Task brief: Write out exactly, please, every line from the beginning of the entries to the line holding "First impression..... is", and no pictures.

** Extracted entries follows **

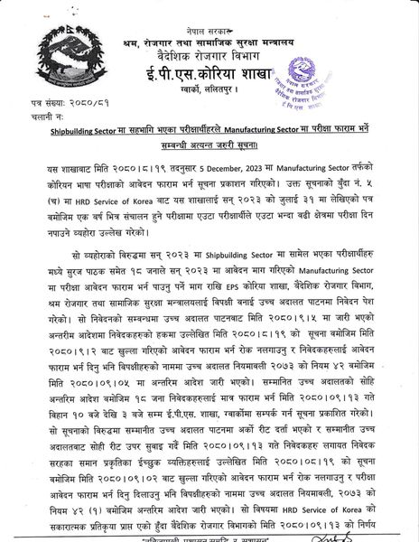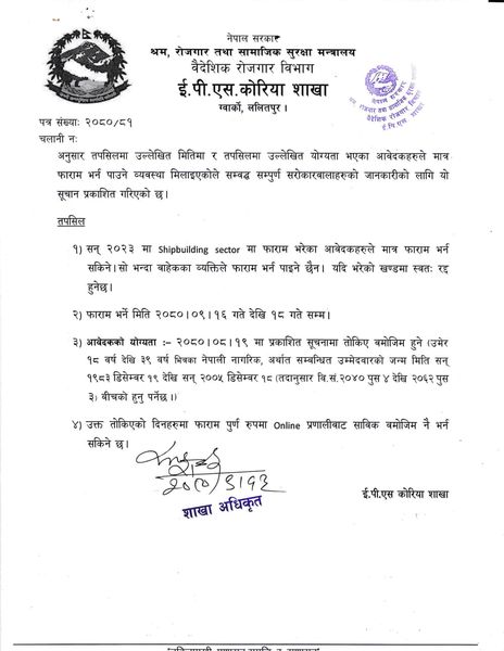 यसअघि ईपीएस कोरिया शाखाले मंसिर १९ गते सूचना प्रकाशित गरेर कोरियाको उत्पादनमूलक क्षेत्रको रोजगारीका लागि दरखास्त आह्वान गरेको थियो । तर, त्यसमा जहाज निर्माण कम्पनीतर्फ परीक्षा दिएकाहरुले सहभागी हुन नपाउने विभागले बताएको थियो ।
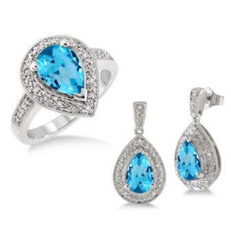 First impression..... is WOW! This beautiful earring and ring set contains genuine pear shaped blue topaz set in sterling silver with .20twt diamond accents. Comfortable and flirty. Matches well with necklace JN811-BT.
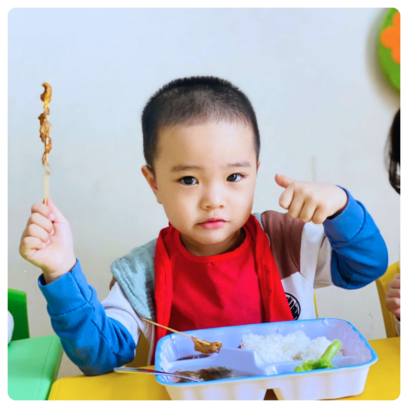 Dinh dưỡng cho bé rất quan trọng, chúng tôi cung cấp các loại thực phẩm sạch với chế độ kỹ lưỡng và quy trình đảm bảo vệ sinh an toàn thực phẩm, Thực đơn đa dạng mỗi ngày thay đổi mỗi tuần. Dạy bé lựa chọn các sản phẩm thực phẩm tốt cho cơ thể, biết tự phục vụ và có thể bảo vệ bản thân khi ăn.
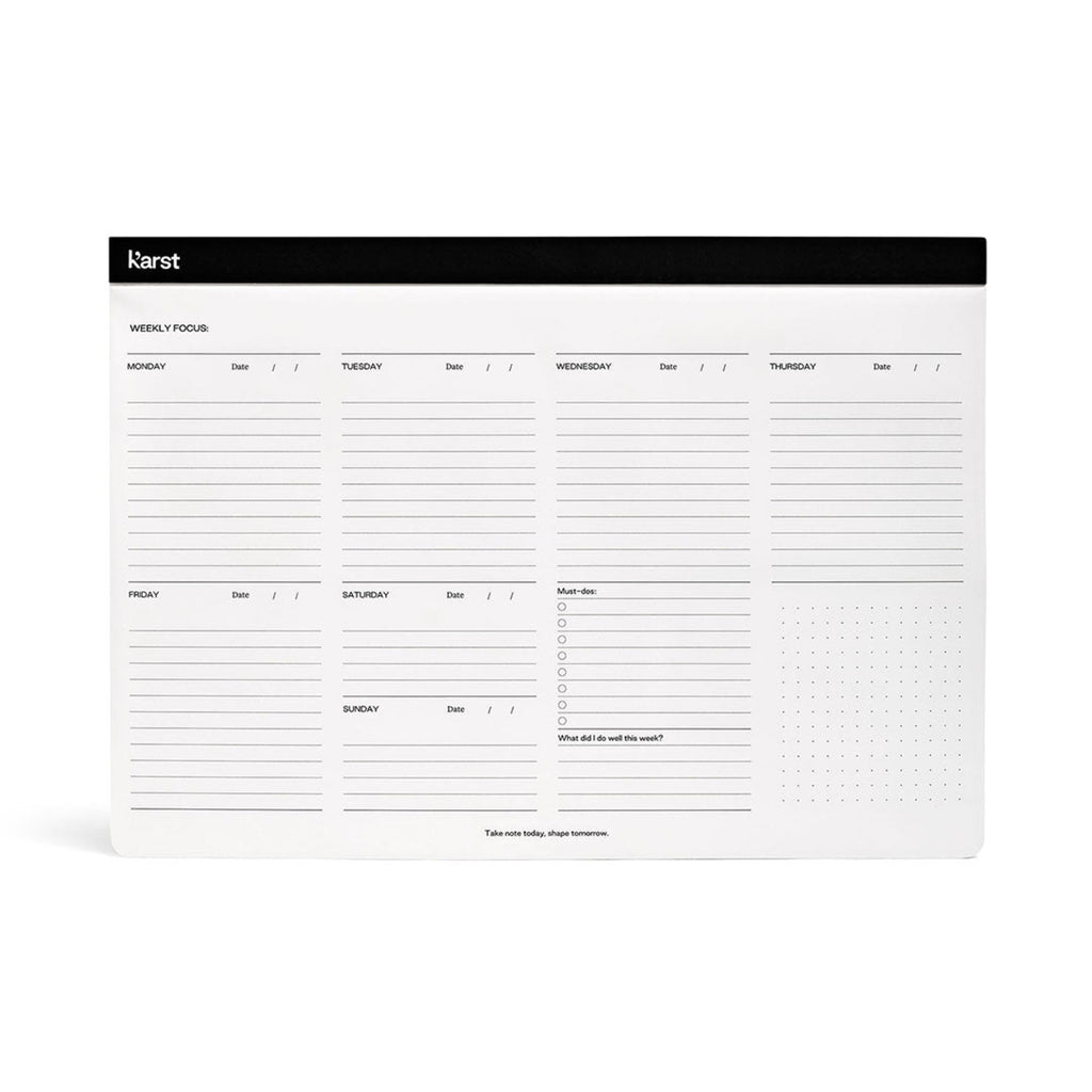 Our Weekly Desk Pad is undated, making it the perfect home for appointments and meetings year-round. With space to track your non-negotiable tasks for the week, a weekly reflection, and a dot grid area for sketches or notes, stay on top of it all with ease. Perfect for everyday use. 60 undated pages with days of the week, a dot grid area for sketches or notes, micro-perforated pages for easy removal, black top flip binding, black waterproof back cover and pages.
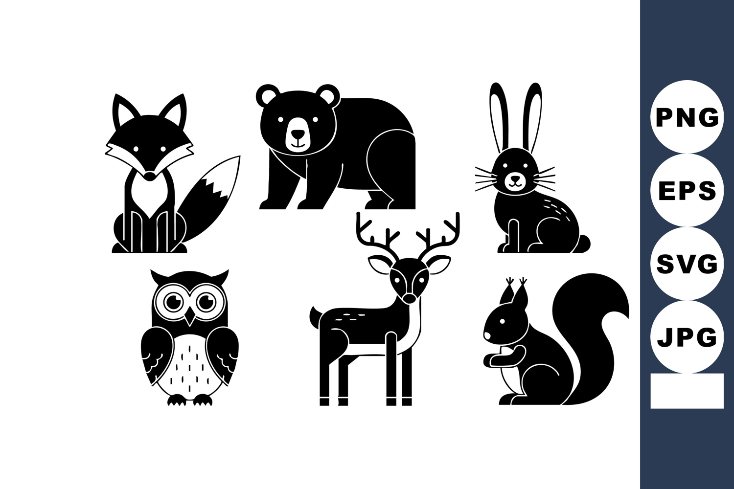 This vector features black silhouettes of forest animals such as fox, bear, rabbit, owl, deer, and squirrel. The design is simple, clean, and nature-inspired, evoking a calm mood.

** End of Extracted entries **

Task answer:
 यसअघि ईपीएस कोरिया शाखाले मंसिर १९ गते सूचना प्रकाशित गरेर कोरियाको उत्पादनमूलक क्षेत्रको रोजगारीका लागि दरखास्त आह्वान गरेको थियो । तर, त्यसमा जहाज निर्माण कम्पनीतर्फ परीक्षा दिएकाहरुले सहभागी हुन नपाउने विभागले बताएको थियो ।
 First impression..... is WOW! This beautiful earring and ring set contains genuine pear shaped blue topaz set in sterling silver with .20twt diamond accents. Comfortable and flirty. Matches well with necklace JN811-BT.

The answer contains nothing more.